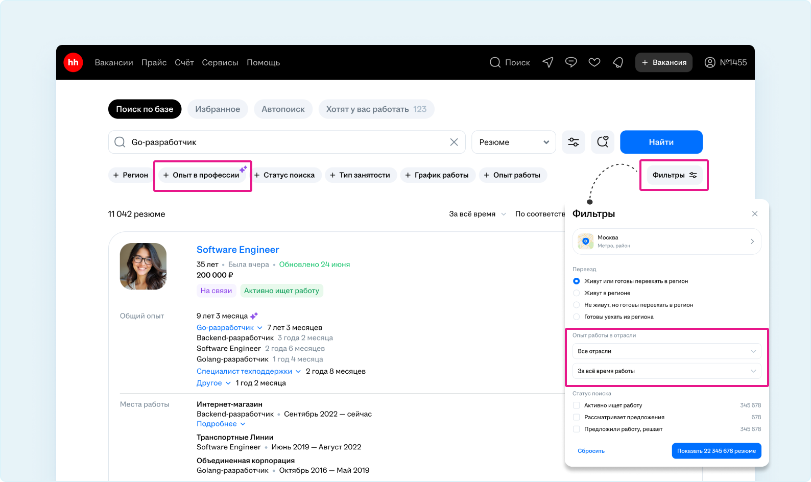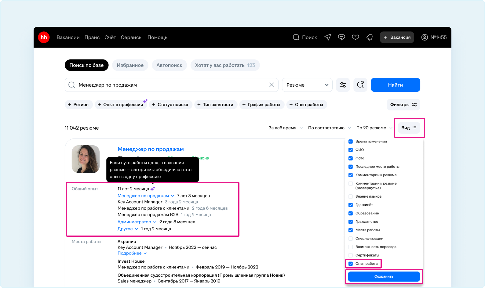 Мы запустили алгоритм, который автоматически определяет и суммирует опыт работы соискателя — даже если должности в резюме называются по-разному. Вместе с ним появился фильтр, который помогает выбрать кандидатов, чей опыт в профессии удовлетворяет требованиям вакансии.
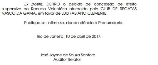 Auditor José Jayme Santoro CONCEDEU efeito suspensivo p/ Luis Fabiano do @vascodagama liberado p/ jogar final Taça Rio domingo c/ Botafogo.
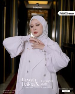Dilengkapi dengan saku tersembunyi di sisi kanan untuk sentuhan fungsional. Manset lengan elastis dan terdapat tali dibagian pinggang kanan kiri untuk adjustable. Zipper di bagian depan sebagai akses opening dress dan busui friendly.
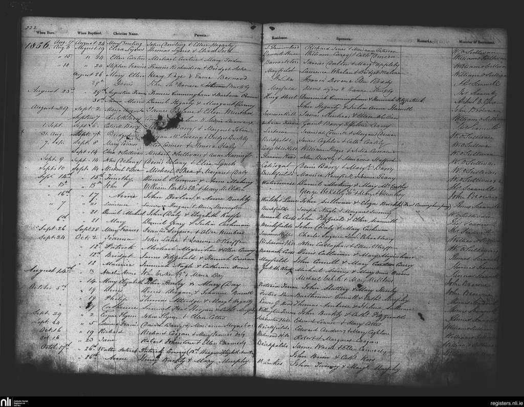 St. Patrick's, Cork city; County of Cork; Diocese of Cork and Ross. Baptisms, Aug. 1856 to Oct. 1856
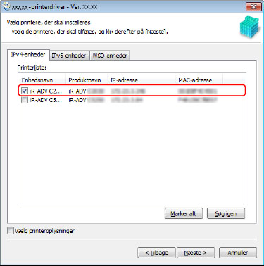 Hvis du vil ændre navnet på enheden eller indstille den som standardenheden, skal du markere afkrydsningsfeltet [Vælg printeroplysninger] → klik på [Næste].
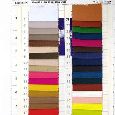 Stretch Fabrics: 2-way or 4-way Polyester/Viscose/Spandex blends for trousers and pants.
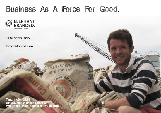 Lecturer: Mr James Munro Boon, Founder of Elephant Branded Description: James set up his own business Elephant Branded whilst at University to help solve the chronic lack for school equipment he had witnessed while working in Africa and Asia.

> **What the task requires**: Without including any image, reproduce the full listing above as written.

> **Answer box**:
 Мы запустили алгоритм, который автоматически определяет и суммирует опыт работы соискателя — даже если должности в резюме называются по-разному. Вместе с ним появился фильтр, который помогает выбрать кандидатов, чей опыт в профессии удовлетворяет требованиям вакансии.
 Auditor José Jayme Santoro CONCEDEU efeito suspensivo p/ Luis Fabiano do @vascodagama liberado p/ jogar final Taça Rio domingo c/ Botafogo.
Dilengkapi dengan saku tersembunyi di sisi kanan untuk sentuhan fungsional. Manset lengan elastis dan terdapat tali dibagian pinggang kanan kiri untuk adjustable. Zipper di bagian depan sebagai akses opening dress dan busui friendly.
 St. Patrick's, Cork city; County of Cork; Diocese of Cork and Ross. Baptisms, Aug. 1856 to Oct. 1856
 Hvis du vil ændre navnet på enheden eller indstille den som standardenheden, skal du markere afkrydsningsfeltet [Vælg printeroplysninger] → klik på [Næste].
 Stretch Fabrics: 2-way or 4-way Polyester/Viscose/Spandex blends for trousers and pants.
 Lecturer: Mr James Munro Boon, Founder of Elephant Branded Description: James set up his own business Elephant Branded whilst at University to help solve the chronic lack for school equipment he had witnessed while working in Africa and Asia.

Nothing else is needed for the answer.